Swedish Speech-To-Text in OpenWebUI

OpenWebUI is a great AI toolbox for personal or family use. They manage to get a pretty user friendly UI set up that can tie into both local and remote AI servers - with some caveats. The support for Speech-To-Text is one such, where the only local support is for their built-in Faster Whisper server, which only allows you to specify which of the models in the Systran repository you want to use.

I don’t want to use one of those models. I want to use the one by Kungliga Biblioteket , that will handle both Swedish and English.

The solution is to use the huggingface-cli binary and download the repository from KB:

$ huggingface-cli download KBLab/kb-whisper-small

… then enter the model cache folder in your OpenWebUI installation. I run mine dockerized, and by default it maps the host folder data into /app/backend/data in the container. The Whisper model cache thus ends up at data/cache/whisper/models/ on the host.
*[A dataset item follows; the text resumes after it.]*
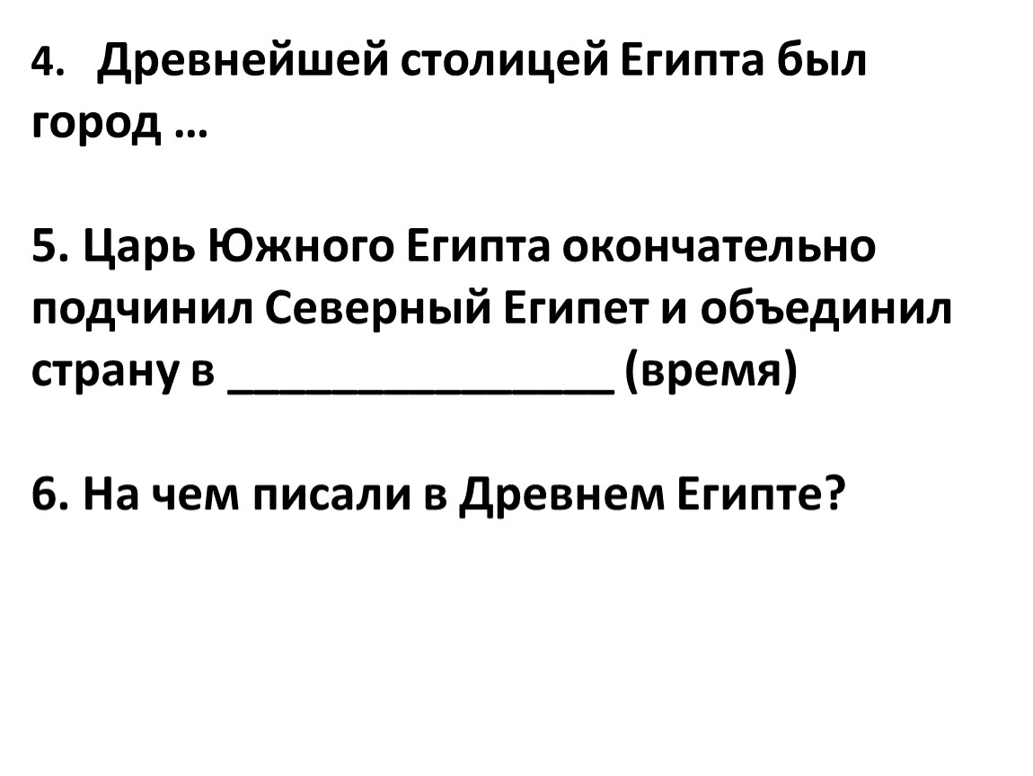 4. Древнейшей столицей Египта был город …

Move your downloaded model there, and rename it to match the Systran repo name:

$ mv models--KBLab--kb-whisper-small models--Systran--faster-whisper-small

… and now you can enter “small” (in this example) as the model in the OpenWebUI STT settings and the model you downloaded will be used instead of the one from Systran.

I probably should’ve made a PR on OpenWebUI rather than a blog post, but hey. Maybe it’ll help someone in the meantime.